CRUZ: Listen, I don’t know what this gentleman has said and what he hasn’t said.

I know that, when it comes to religious liberty, this is a passion of mine that has been a passion of mine for decades, and that I have been fighting for religious liberty for everyone, fighting for religious liberty for Christians, for Jews, for Muslims, for every one of us to practice our faith.

To his discredit, Tapper stuck this question at the very end of the interview, and then let Cruz filibuster, so he couldn’t ask any follow up questions, like:

  • You really don’t know what Swanson has said?
  • Do any of your people know what he’s said?
  • Had you at least heard of Kevin Swanson before you agreed to speak at his conference?
  • Are you in the habit of accepting speaking invitations from total strangers?
  • If the KKK invited you to speak at a religious liberty conference, would you do it? How about ISIS?
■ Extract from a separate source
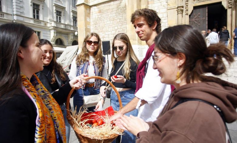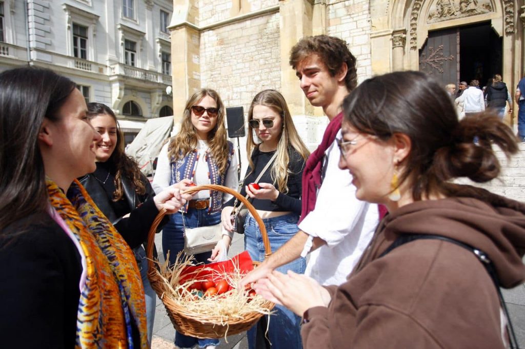 Gradonačelnica Sarajeva Benjamina Karić danas je povodom Uskrsa ispred katedrale Srca Isusova dijelila uskršna jaja prolaznicima i vjernicima katoličke vjeroispovjesti.

The real kicker is that, even if all three of these guys had never heard of Kevin Swanson before they accepted his invitation, they were present and able to hear his words first-hand, and…what? Did any of them walk out? Dispute Swanson’s disgusting worldview when they got a chance to speak? Do anything that might have indicated with Swanson even a little bit? No. How can you not conclude that all three of them must agree with this guy?
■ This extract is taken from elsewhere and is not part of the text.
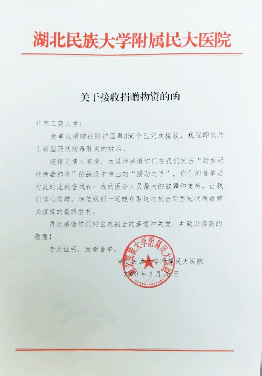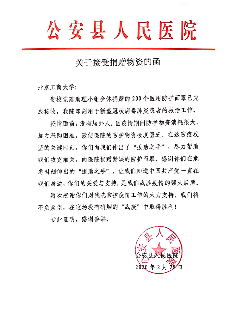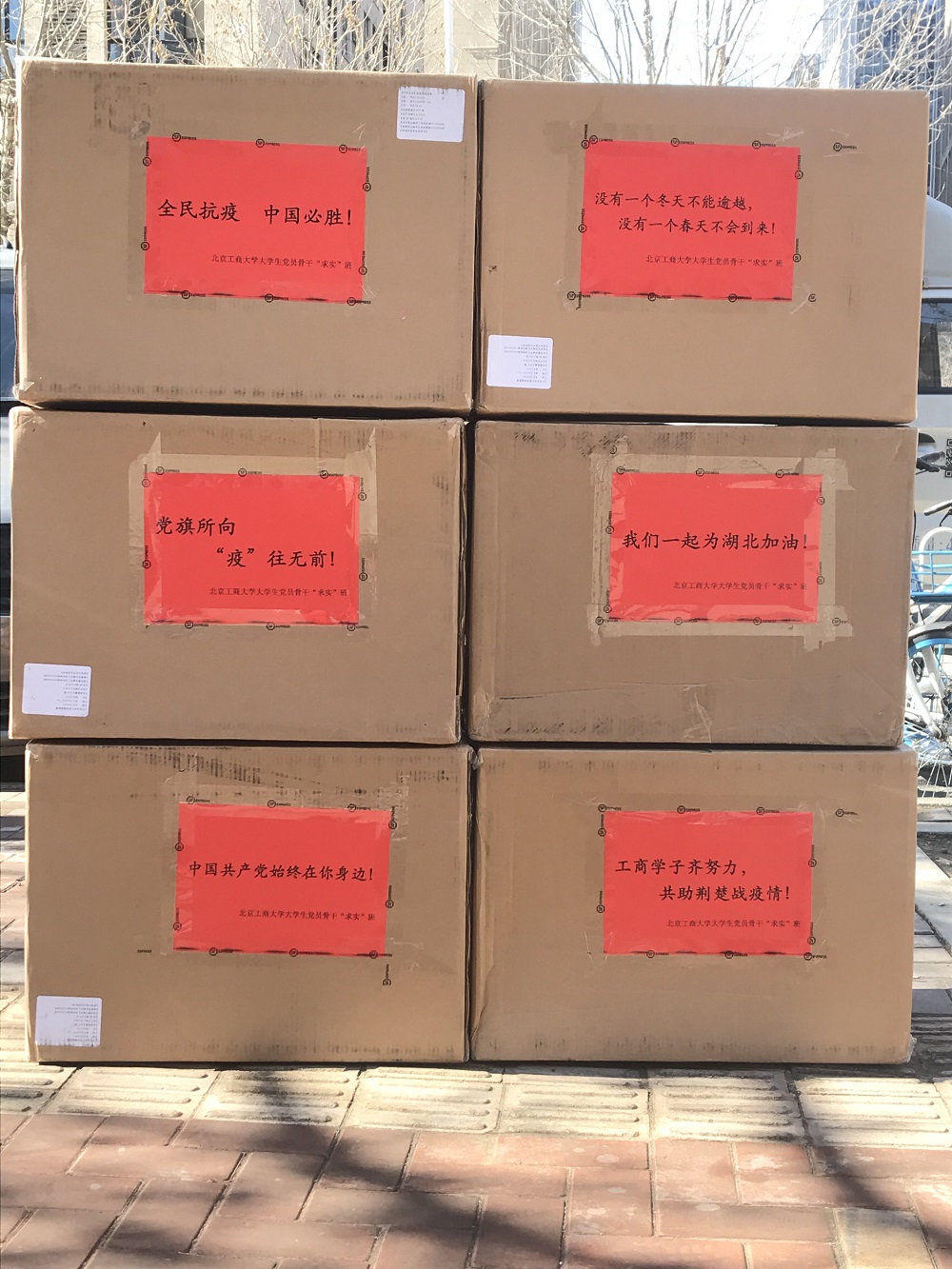 “中國共產黨始終在你身邊!”“工商學子齊努力,共助荊楚戰疫情!”“黨旗所向 疫往無前”“與國同心 共克時艱一句句帶著黨徽光芒,帶著北工商青年大學生愛國溫度的祝福語伴隨著物資直抵湖北一線。湖北荊州市公安縣人民醫院的領導表示看到這樣充滿正能量的加油標語,感受到了北京工商大學黨員同學同志式的關心,也給一線醫務工作者增添了信心和力量!對參與此次募捐活動的黨員同學表示衷心的感謝!對北京工商大學表示由衷的敬意!恩施土家族自治州湖北民族大學附屬民大醫院專程發來的接收函中表示你們的善舉是對此時此刻奮戰在一線的醫務人員最大的鼓舞和支持,讓我們信心倍增。感謝你們對白衣戰士的親情和關愛,并致以崇高的敬意!”

Maybe I’m being naive, but the belief that the state should put gay people to death has to be a pretty minority view even in the anti-gay wing of the GOP base.

It is, right?

Please, I’m cynical enough as it is, don’t tell me there’s some substantial number of Republican voters out there advocating the imposition (re-imposition, I guess) of capital punishment for homosexuality.

I remember weeks in 2008 devoted to coverage of Jeremiah Wright, and while Wright said some horrible things (but also some accurate things, as well), I don’t remember him calling for the execution of his fellow human beings. As far as I can tell, the fact that Cruz, Huckabee, and Jindal (though mostly Cruz, who’s the only one of the three with an actual shot at the nomination) appeared on stage with a raving psychopath who advocated killing gay people got about as much media attention as JEB’s declaration that he would go back in time and kill Baby Hitler, if it were possible to do such a thing. And my sincere question is: why? Why shouldn’t all three of these guys see nothing for the rest of this campaign (or until they really give an answer) but questions about whether or not they agree with Kevin Swanson that gays should be put to death? Isn’t this kind of a big deal, to have serious (again, at least in Cruz’s case) presidential candidates endorsing a message like this?